My Story

I grew up in Gugulethu NY-6 (native Yard 6) in the 80’s and we all know the how the country was in those days, a lot of unrest and turmoil.

I was a clever kid who could outrun most kids in the neighbourhood. I attended schools in Gugulethu and in KwaLanga depending if I was living with my mother or my mother. My parents had me when they were quite young so my Grandmother (dads mom) took care of me. She was mama to me.

When I was small she would take me to work with her in Camps Bay where she worked as a domestic worker. That was when Patricia Alves fell in love with a little boy from Gugs. I was still a baby then being carried around on the back of my grandmother while she got on about her work.

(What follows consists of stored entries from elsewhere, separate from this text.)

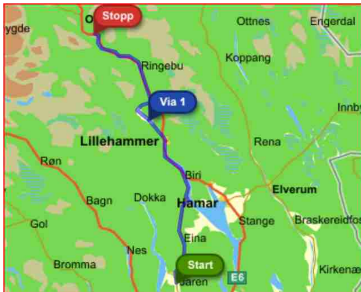
Reiseruten første dagen.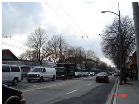
สองรูปนี้ก็เหมือนกันจะ จะเห็นสายไฟฟ้าจึงลอยอยู่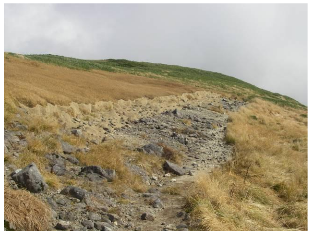
施工箇所① 作業終了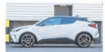
Toyota C-HR 2.0 Hybrid Bns GR S € 32.700,-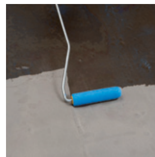
2. Nasiakavý podklad rovnomerne napenetríte s Hĺbkový základ D7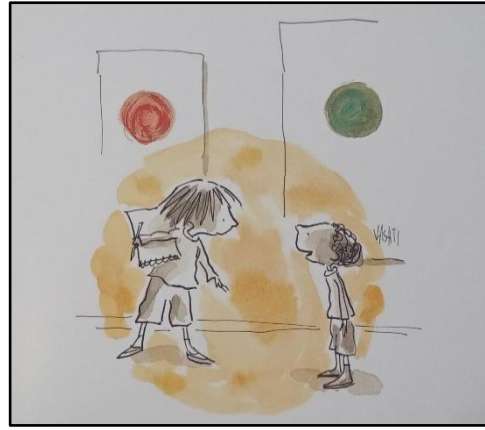
Resim 6. Şekil ögesine ilişkin örnek çizim 2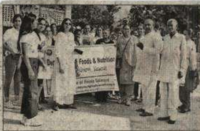
हिसार। गांव में रैली में भाग लेती छात्राएं।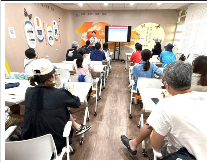
辦理性別意識成長教育親子讀書會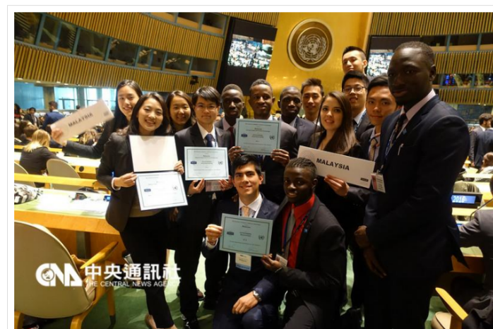
2016 模擬聯合國競賽日前在美國舉行，北科大團隊一舉拿下「代表團榮譽獎」、「安全理事會傑出代表獎」等 4 項大獎。 105 年 3 月 30 日

(中央社記者許秩維台北 30 日電) 2016 模擬聯合國競賽日前在美國舉行，北科大團隊一舉拿下「代表團榮譽獎」、「安全理事會傑出代表獎」等 4 項大獎，也是台灣團隊歷年參賽的最佳成績。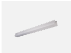
132-51100, K Diffusor 2295 mm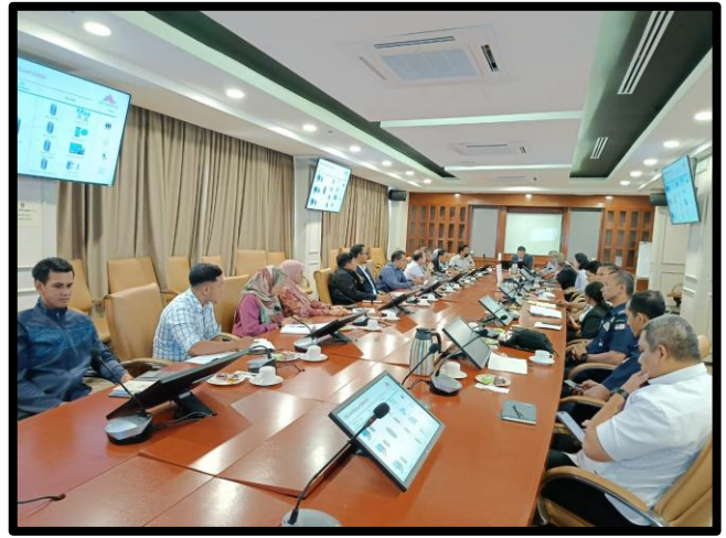
SESI PEMBENTANGAN / KEMASKINI TEKNOLOGI PROJEK CELL BROADCAST SYSTEM (CBS) UNTUK KEGUNAAN SEMASA BENCANA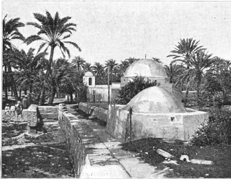
Chamsa-moskee in het Garianadal.

boven die uit Tripolis, en het ivoor, dat veelal uit Wadaï werd aangevoerd, gaat, sedert de spoorweg naar Khartoem klaar is, den Nijl af naar Alexandrië in plaats van met karavanen naar Tripolis en Bengazi.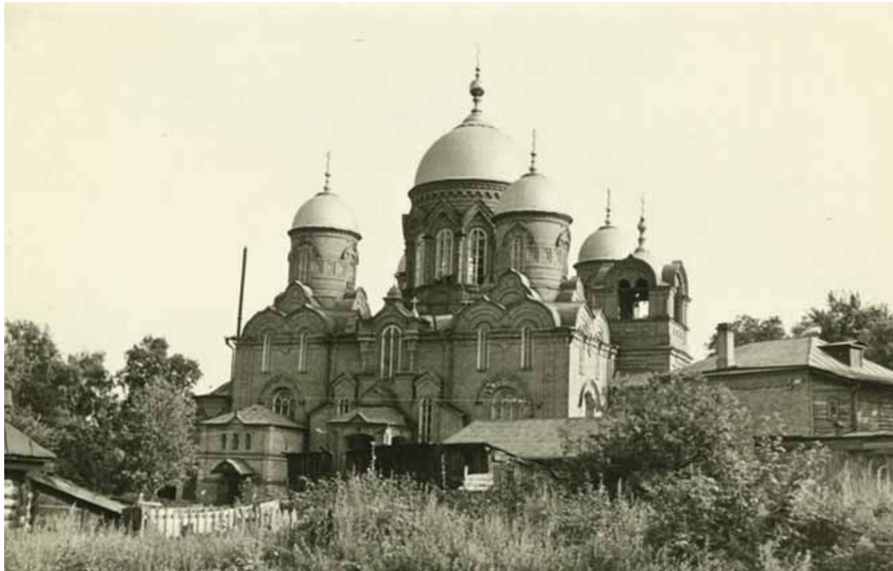
Успенский кафедральный собор в Пензе. 80-е гг.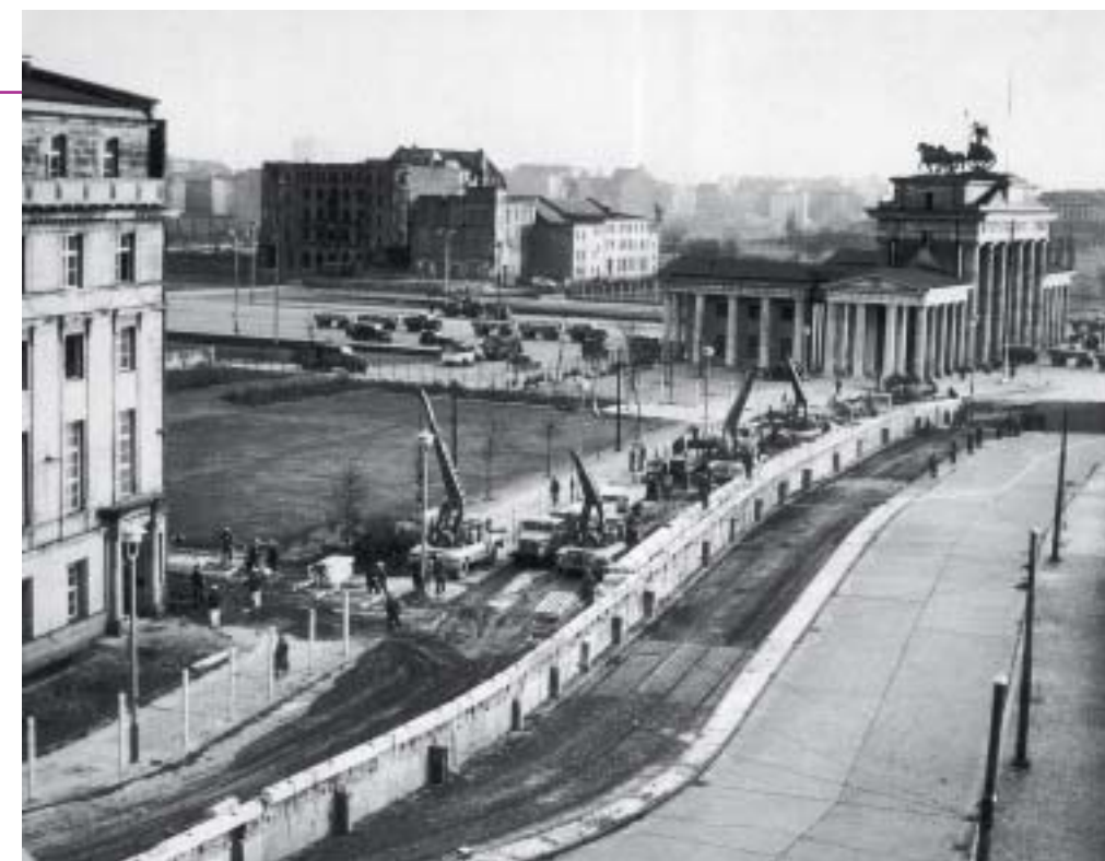
4 La construction du mur de Berlin, août 1961.

Précis d'histoire du parti communiste de l'Union Soviétique , éditions du Progrès, Moscou, 1970.

Time passed and I got great grades at school and you had to be number 1 in the class or you felt that you failed if you didn’t do so. I was also a prominent figure in our local club Blacks United aka Sampdoria as the ever solid central defender. I drew a lot of interest from bigger local clubs like Cape Town Pirates and Strikers. I used to play soccer 7 days a week and every day during the holidays. My dad played rugby for the Gugulethu Barbarians and used to go watch his games every Sunday at the Ny 49 Stadium. I was never a real fan of the sport as only the grown ups played the game and a spectacle it was back then as the league and tournaments were often fought between the big four, Barbarians, Villagers, Zebras and the All Blacks.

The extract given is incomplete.